Monday, June 27, 2005

Ben-Hur

While not my favorite movie ever, currently it resides at #6 on my all time list, this is a movie where I find myself (and Singin' in the Rain and Gone With the Wind) just completely in love with the Old Hollywood movie making magic that's on screen. I can only imagine seeing the premiere of this at Mann's Chinese Theater, or Radio City Music Hall. My mother, who got me started doing one of my movie geek obsessions, writing down the name of every movie I see in theaters, with the date, location, and principal actors, has this as the first movie in her first book....EVER. Ben-Hur! She was nine years old. My first movie, at a comparable age is An American Tail 2: Fievel Goes West. Terrible! This is why I needed to be born years before I was. But anyway, the movie! While films like "The Ten Commandments" and "Cleopatra" might be more extravagent, none of the period epics of the time were better than MGM's "Ben-Hur". Already filmed once before by the studio in 1925, as a silent spectacle the film is still quite impressive, the 1959 version gets the full epic treatment. A gaudy 212 minute running time, a large international cast, incredible sets, luscious Technicolor, all captured in brilliant MGM patented 65mm film. Producer Sam Zimbalist spared no expense (was any expense ever spared during the bigger is better 1950's studio filmmaking days?), setting up shop at the Cinecetta Studios in Rome, which to that point, had been used primarily as the home of Neo-realism filmmakers such as Federico Fellini and Vittorio de Sicca. Everything got big when Hollywood arrived however, and MGM's gamble to avoid bankruptcy (it would later succumb twice however) paid off with the first film to capture eleven Academy Awards: "Ben-Hur: A Tale of the Christ".

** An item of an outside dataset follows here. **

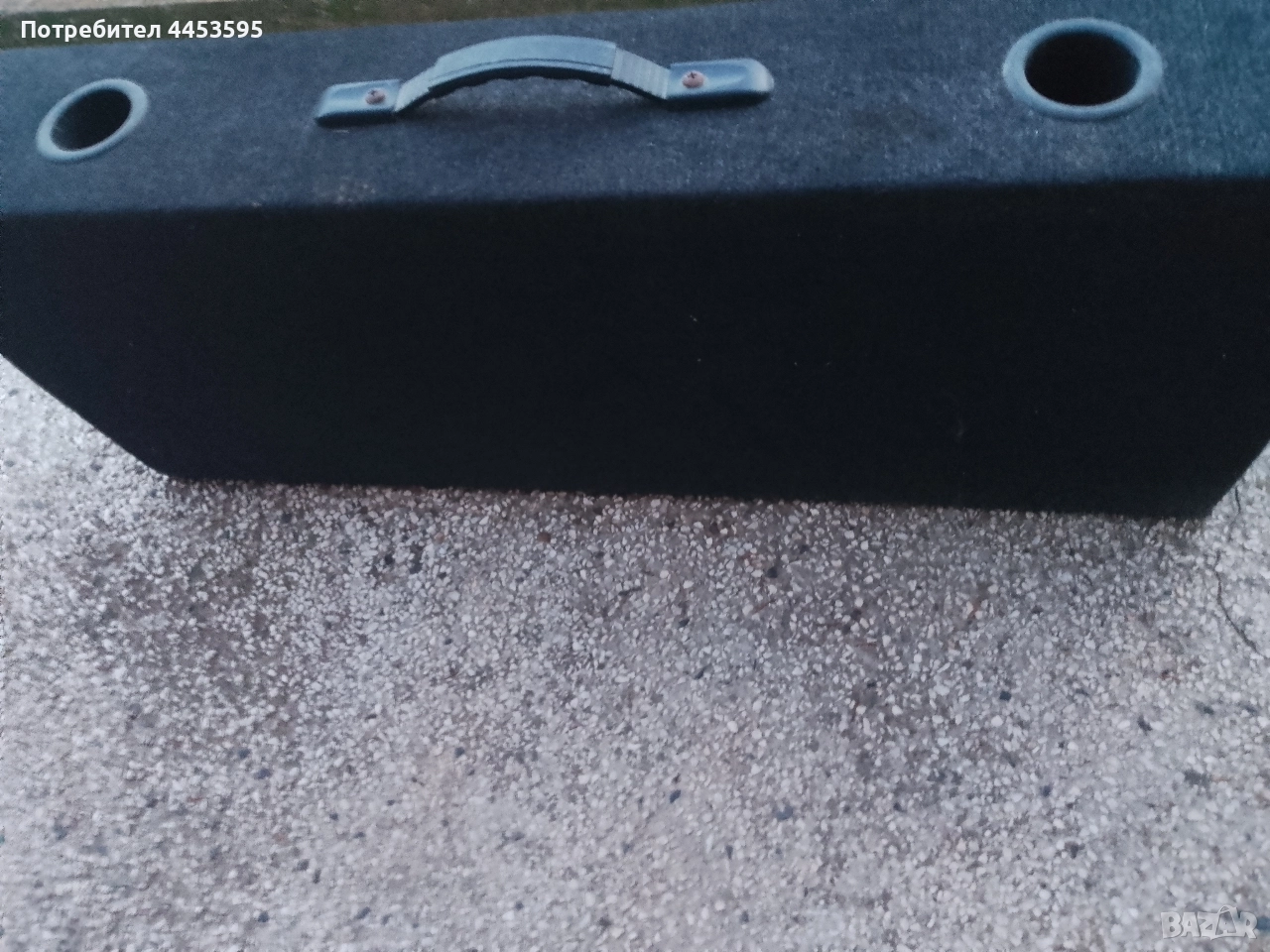 Перфектна каса пасва на всеки багажник има си дръжка за лесно носене може да се ползва в кола ,бусс или у дома навсякъде може има и от двете страни входове двойни басьорки двойни пищялки басйорките не свирят незнам от какво е нямат късано гофрите са здрави затова е на тая цена....

Charlton Heston, who can be pretty cardboard sometimes, is dynamic. His clenched jawed passion and often times silly melodramatic tone are perfect here as the disgraced Jewish prince Judah Ben-Hur. Messala, Judah's boyhood friend, now a Roman tribune, unjustly wrongs him and his family, forcing Judah into bondage in a Roman slave galley and imprisoning his mother and sister in the dungeons. After Judah refused to help Messala identify "enemies of Rome", or "patriots" as Judah refers to them in a great back and forth between the two men early on, Messala does not flinch when his word would clear Judah and his family's name of the alleged indiscretion. Thus, Judah devotes the rest of his life to exacting revenge. This being the 1950's, we see more of his "the rest of his life" than you would think. About 150 minutes later (after becoming a Roman citizen thanks to saving the life of a Roman general, Quintus Arrius, in a spectacular naval battle scene) Judah makes his way back to Jersusalem and takes part in, for my money, the best and most exciting action scene in cinematic history: the chariot race sequence. For years, this scene would switch from full frame to wide screen on both dvd and vhs (I believe the 4 disc edition has the entire movie in wide screen) and it is worth it! The sequence is captivating, and knowing little things about it make it even more intense, like the legendary Yakima Canutt's son actually going head over heels as Charlton Heston's stunt double, although rumors of a stunt man, specifically Stephen Boyd's double, being trampled to death in this scene I believe is the stuff of urban legend.

After this knockout sequence, in which Ben-Hur wins and Messala is killed, the story shifts back to a more somber tone: Christ's crucifixion. Earlier in the film, while in a Roman chain gang, Jesus encounters Judah and gives him water, a favor Judah returns while Christ carries his cross to Calvary. I always remember the line "I know this man" from this scene. Intercut during Christ being raised onto the cross is Judah finding his mother and sister, long since exiled to the leper community, and helping them through the crashing thunder and lightning. Finally, as Christ hangs from the cross, He grants Judah one final favor, healing his mother and sister. Film and religion scholars have debated whether or not this signifies a religious "cop-out", with the Jewish Judah undergoing a "Christian" reinvention. While there is definitely a strong subtext running throughout this scene, I think the point William Wyler is trying to hammer home here is one of faith. Judah's realization of the magnitude of his situation contrasted with that of Christ leads to his ultimate salvation: not beating Messala in the chariot race, but a reunion with his family. He had devoted his entire life to killing Messala, and while his mother and sister had never faded from his memory, he suspected them long dead and thus was able to concentrate solely on destroying Messala. However upon acheiving his goal he realizes that revenge is not as sweet as anticipated, even going so far as to pay his respects to the dying Messala, who perhaps saves his tortured soul by telling Judah that his mother and sister still live. With this news, Judah remembers compassion and love, and it is this that Christ rewards. Scholars can debate this all they want though, the fact still remains: "Ben-Hur" is the best epic film of its type, ever.